The operation you perform repeatedly is to go to the top of your tree and to read bits from the input file, going left or right in the tree depending upon whether you see a 0 or 1 in the input stream. When you hit a leaf, you know that you've found the next character from the original file and you write it to the PrintStream object you've been passed. Then you go back to the top of the tree and descend again until you hit a leaf and you print that character. Then go back to the top of the tree and start all over.

Instead of calling print or println as we normally do, you should call the method called write that writes a single byte to the output stream. It takes a parameter of type int. As an example, the ASCII values 97, 98 and 99 correspond to the characters 'a', 'b' and 'c'. This code:

    System.out.write(97);
    System.out.write(98);
    System.out.write(99);
    System.out.println();
would produce a line of output in the console window with "abc" on it. Recall that System.out is of type PrintStream. The PrintStream object you will be manipulating will be sending output to an external output file stored on disk, but the process is the same as with System.out. You should only call the write method. You don't need to call println, as in the code above.

In decoding the file, you'll have to know when to stop processing.
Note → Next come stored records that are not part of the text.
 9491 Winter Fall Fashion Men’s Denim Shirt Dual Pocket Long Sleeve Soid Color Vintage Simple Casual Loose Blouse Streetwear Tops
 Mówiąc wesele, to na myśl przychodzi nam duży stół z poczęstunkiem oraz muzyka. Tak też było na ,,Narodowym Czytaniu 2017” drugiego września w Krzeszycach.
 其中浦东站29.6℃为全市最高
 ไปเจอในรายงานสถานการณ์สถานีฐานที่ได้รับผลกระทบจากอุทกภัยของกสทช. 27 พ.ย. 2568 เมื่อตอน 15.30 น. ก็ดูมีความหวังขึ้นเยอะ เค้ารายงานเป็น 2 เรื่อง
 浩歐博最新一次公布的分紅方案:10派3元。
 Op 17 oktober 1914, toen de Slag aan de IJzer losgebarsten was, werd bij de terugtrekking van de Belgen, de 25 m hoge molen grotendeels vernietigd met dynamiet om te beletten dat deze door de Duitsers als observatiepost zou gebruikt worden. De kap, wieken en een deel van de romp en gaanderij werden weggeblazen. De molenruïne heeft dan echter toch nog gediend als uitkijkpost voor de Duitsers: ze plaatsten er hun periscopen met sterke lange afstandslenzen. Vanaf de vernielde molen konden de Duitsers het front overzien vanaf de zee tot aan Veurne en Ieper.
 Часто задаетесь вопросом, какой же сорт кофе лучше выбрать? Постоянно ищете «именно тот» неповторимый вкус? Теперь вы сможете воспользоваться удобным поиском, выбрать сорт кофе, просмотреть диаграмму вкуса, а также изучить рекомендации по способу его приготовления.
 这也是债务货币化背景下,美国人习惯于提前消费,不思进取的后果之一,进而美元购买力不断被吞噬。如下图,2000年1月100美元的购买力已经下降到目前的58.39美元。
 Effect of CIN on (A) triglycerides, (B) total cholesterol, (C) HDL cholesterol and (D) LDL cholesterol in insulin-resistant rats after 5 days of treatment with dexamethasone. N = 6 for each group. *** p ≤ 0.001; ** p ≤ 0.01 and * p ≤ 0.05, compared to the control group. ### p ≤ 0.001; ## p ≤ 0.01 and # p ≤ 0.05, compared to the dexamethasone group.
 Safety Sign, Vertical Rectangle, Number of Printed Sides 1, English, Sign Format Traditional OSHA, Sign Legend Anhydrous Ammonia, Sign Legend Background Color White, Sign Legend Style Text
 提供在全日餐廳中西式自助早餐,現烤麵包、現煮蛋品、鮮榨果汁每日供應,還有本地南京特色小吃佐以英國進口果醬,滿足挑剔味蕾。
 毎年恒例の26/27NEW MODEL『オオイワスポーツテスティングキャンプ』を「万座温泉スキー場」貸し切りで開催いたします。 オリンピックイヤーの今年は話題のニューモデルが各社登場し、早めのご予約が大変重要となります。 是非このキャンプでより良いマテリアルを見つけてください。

As mentioned above, you can't rely on the bit stream to reliably tell you where the end of the stream occurs. It will always have a length that is a multiple of 8 (because it is composed of complete bytes, each 8 bits long). That's where the pseudo-eof character comes in. The Encode program writes the characters of the original file to the bit stream and then it writes the code for the pseudo-eof character. So as you are processing characters, eventually you will come across this eof character. When you do, you should stop decoding. You should not write this character to the PrintStream because it is not an actual character from the original file. It's a fictitious character that we made up to signal the end of the input.

The extra credit version has its own main programs called Encode2 and Decode2. Encode2 produces a single binary file as output. It contains information about the tree and the encoded text. That way everything is kept in one file instead of two files. Decode2 reconstructs the tree from the information in the binary file and then decodes the file as before.